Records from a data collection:
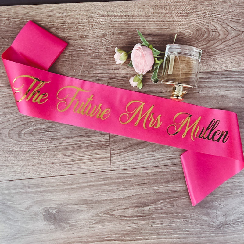 Celebrate in style and let the world know it's your time to shine! Let the bride to be stand out from the crowd with her own personalised hen sash. HanaLee's personalised party sashes are available in hot pink, white or black.
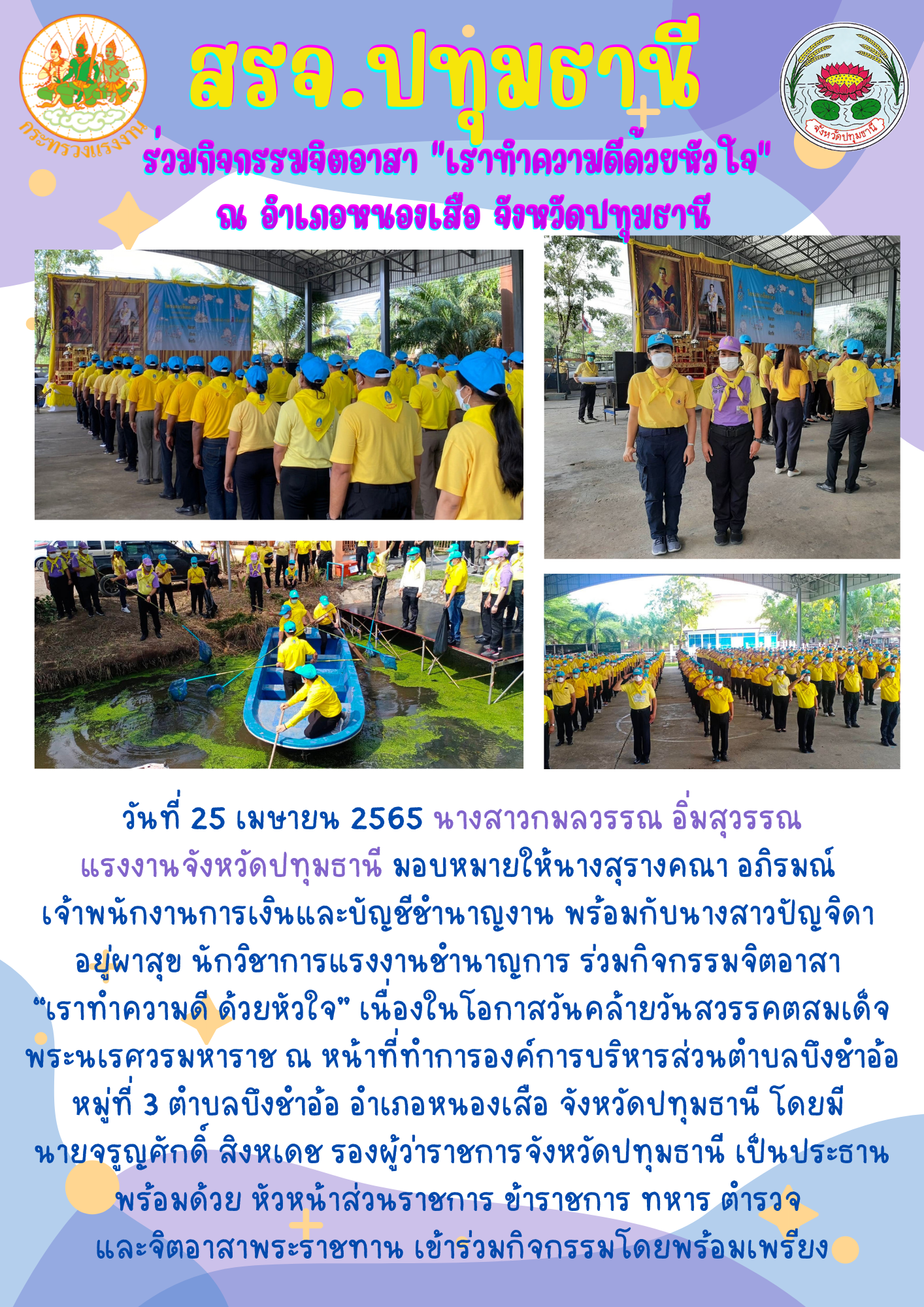 สรจ.ปทุมธานี ร่วมกิจกรรมจิตอาสา “เราทำความดี ด้วยหัวใจ” เนื่องในโอกาสวันคล้ายวันสวรรคตสมเด็จพระนเรศวรมหาราช ณ อ.หนองเสือ จ.ปทุมธานี
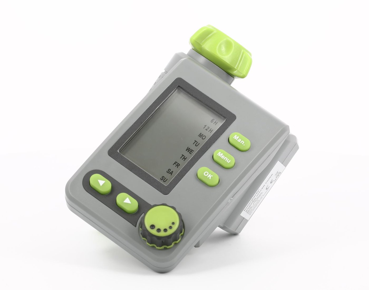 Bevattningslängd kan ställas in från 1 minut till 4 timmar. Bevattningsintervaller kan ställas in till var sjätte eller tolfte timme eller specifika veckodagar. Vattning kan även startas manuellt. För vattentryck mellan 0,5-8 bar. Ansluts med 3/4”-gänga. Drivs av 2x AA-batterier (säljs separat). IP-klass: IP44.
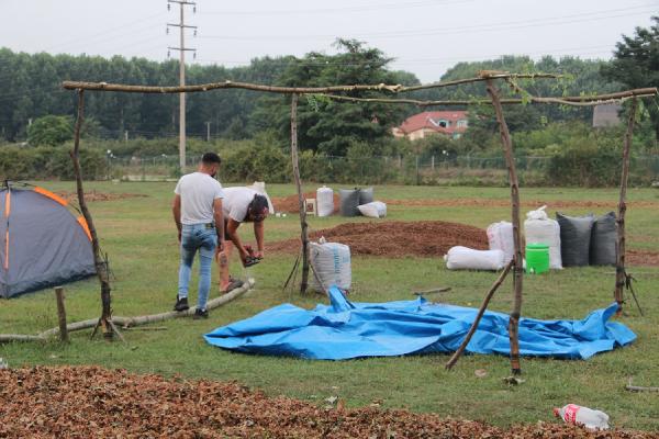 Toprak Mahsulleri Ofisi'nin fındığın kilosunu kalitesine göre 54 lirayı bulan fiyatlarla alması, fındık üreticilerini sevindirdi. Düzce'de fındığın hasadını tamamlayıp ürünlerini harmana indiren üreticiler, nöbete başladı. Sinirci köyü merasına fındıklarını seren köylüler, nöbet için baraka hazırladı. Ürünlerinin başında nöbet tutan çiftçiler, zaman zaman da fındığı kuruması için karıştırıyor. Sinirci köyü muhtarı Muzaffer Demirel, "Burası bizim köyümüzün merası, her yıl olduğu gibi vatandaşlarımız, fındıklarını toplayıp meraya seriyorlar ve burada her gece nöbet tutuluyor. Cumhurbaşkanımızın fındık fiyatlarını 54 lira olarak açıklaması, fiyatların yüksek olmasıyla hırsızlıktan korumak için fındık değerli olunca ailelerimiz burada bekliyor. Köylülerimiz bu şekilde fındıklarını hem kurutuyor hem koruyorlar. Fındık sezonu bitene kadar bu sürüyor" diye konuştu. Üreticilerden Yücel Güler ise nöbette olduklarını ifade ederek, "Biz fındık yaydık. Topladığımız fındığı getirdik, kurutuyoruz ve harman yapacağız. Burada gençler gece boyunca biri gelir alır diye nöbet tutuyorlar" dedi.
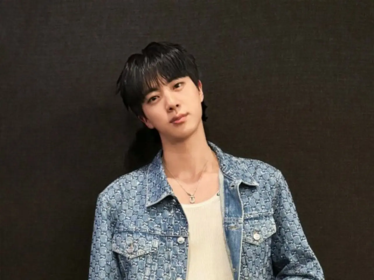 The photo shows JIN wearing a blue suit and looking at the camera with one hand in his pocket.
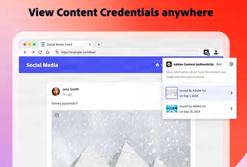 Adobe упростила проверку наличия Content Credentials на веб-сайтах, которые не предоставляют эту информацию своим пользователям. Веб-приложение Content Authenticity включает инструмент, который восстанавливает и отображает эти метаданные и историю редактирования, а расширение Content Authenticity для Google Chrome, бета-версия которого уже доступна, сможет проверять контент непосредственно на веб-странице.
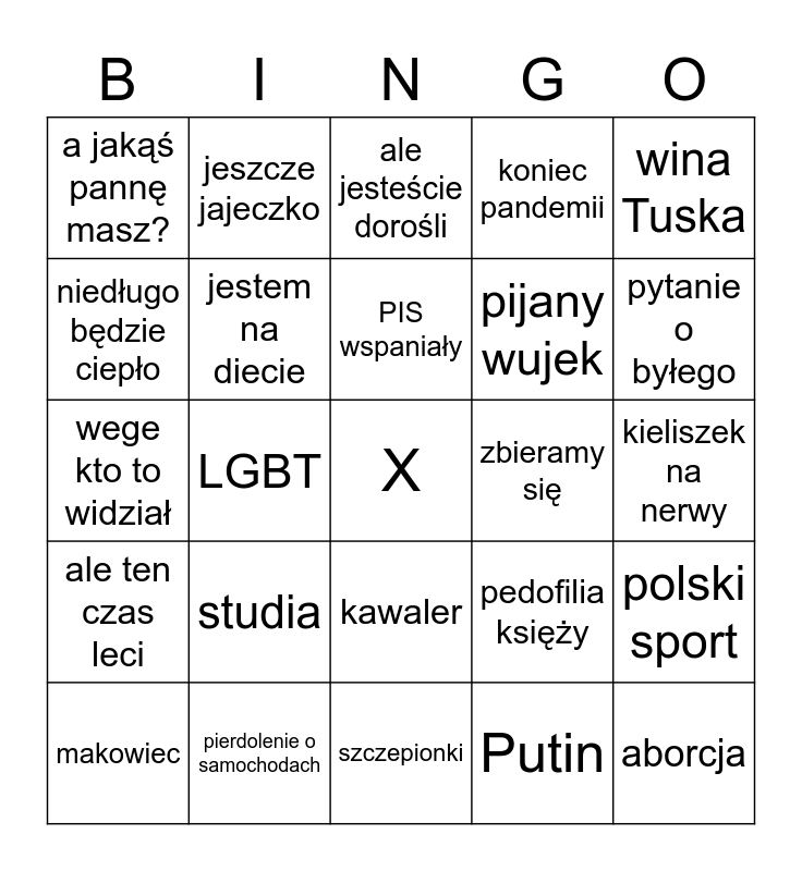 This bingo card has a free space and 24 words: studia, pierdolenie o samochodach, PIS wspaniały, makowiec, wina Tuska, a jakąś pannę masz?, niedługo będzie ciepło, jeszcze jajeczko, zbieramy się, kawaler, pijany wujek, wege kto to widział, pedofilia księży, polski sport, jestem na diecie, Putin, kieliszek na nerwy, ale jesteście dorośli, pytanie o byłego, LGBT, aborcja, ale ten czas leci, koniec pandemii and szczepionki.
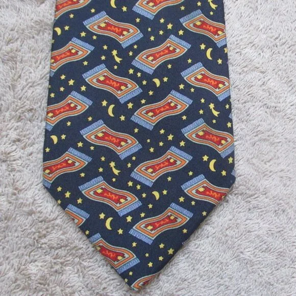 Color & Pattern:NAVY BLUE w COLORFUL MAGIC CARPETS ALADIN STAR MOONWidth: 3.45 inches at the widestLength: 59 inches longSerial number: 7483 IACondition: The tie is mint...
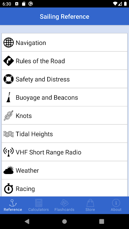 सेलिंग संदर्भ अपने समुद्री नेविगेशन की जरूरत के सभी के लिए व्यापक संदर्भ गाइड है। शुरुआत और अनुभवी नाविकों के लिए आदर्श है, एप्लिकेशन जानकारी गुजर विभिन्न RYA Yachtmaster shorebased नेविगेशन और व्यावहारिक पाठ्यक्रमों के लिए महत्वपूर्ण होता है। सभी सामग्री को पूरी तरह से ऑफ़लाइन उपलब्ध इसलिए सब पर एक डेटा कनेक्शन पर निर्भर नहीं है। वहाँ जल्दी, बधिया करने के लिए एक पाठ्यक्रम का आकलन ज्वार की धारा डेटा interpolating, माध्यमिक बंदरगाहों पर समय और ज्वार की ऊंचाइयों की गणना, और वीएचएफ रेडियो प्रसारण पर्वतमाला के आकलन के लिए काम calculators हैं। में गहराई संदर्भ अनुभाग को कवर गाइड कैसे करने के लिए सचित्र और विस्तृत के दर्जनों शामिल हैं:
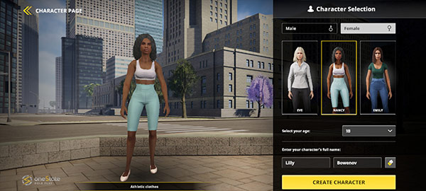 5、进入游戏前需要选择游戏角色,可选择性别、年龄等,选好后点击“create”完成创建。
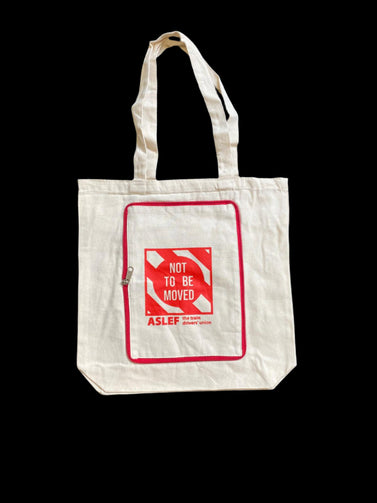 100% cotton cream tote bag with red 'NOT TO BE MOVED' ASLEF logo. Large front pocket. The bag folds into the pocket and can be zipped up.

• Problem requirements
Repeat the lines above exactly, beginning with the one containing "ณ อ.หนองเสือ จ.ปทุมธานี" and finishing with the one containing "The photo shows". No pictures belong in the copy.

• Response
 สรจ.ปทุมธานี ร่วมกิจกรรมจิตอาสา “เราทำความดี ด้วยหัวใจ” เนื่องในโอกาสวันคล้ายวันสวรรคตสมเด็จพระนเรศวรมหาราช ณ อ.หนองเสือ จ.ปทุมธานี
 Bevattningslängd kan ställas in från 1 minut till 4 timmar. Bevattningsintervaller kan ställas in till var sjätte eller tolfte timme eller specifika veckodagar. Vattning kan även startas manuellt. För vattentryck mellan 0,5-8 bar. Ansluts med 3/4”-gänga. Drivs av 2x AA-batterier (säljs separat). IP-klass: IP44.
 Toprak Mahsulleri Ofisi'nin fındığın kilosunu kalitesine göre 54 lirayı bulan fiyatlarla alması, fındık üreticilerini sevindirdi. Düzce'de fındığın hasadını tamamlayıp ürünlerini harmana indiren üreticiler, nöbete başladı. Sinirci köyü merasına fındıklarını seren köylüler, nöbet için baraka hazırladı. Ürünlerinin başında nöbet tutan çiftçiler, zaman zaman da fındığı kuruması için karıştırıyor. Sinirci köyü muhtarı Muzaffer Demirel, "Burası bizim köyümüzün merası, her yıl olduğu gibi vatandaşlarımız, fındıklarını toplayıp meraya seriyorlar ve burada her gece nöbet tutuluyor. Cumhurbaşkanımızın fındık fiyatlarını 54 lira olarak açıklaması, fiyatların yüksek olmasıyla hırsızlıktan korumak için fındık değerli olunca ailelerimiz burada bekliyor. Köylülerimiz bu şekilde fındıklarını hem kurutuyor hem koruyorlar. Fındık sezonu bitene kadar bu sürüyor" diye konuştu. Üreticilerden Yücel Güler ise nöbette olduklarını ifade ederek, "Biz fındık yaydık. Topladığımız fındığı getirdik, kurutuyoruz ve harman yapacağız. Burada gençler gece boyunca biri gelir alır diye nöbet tutuyorlar" dedi.
 The photo shows JIN wearing a blue suit and looking at the camera with one hand in his pocket.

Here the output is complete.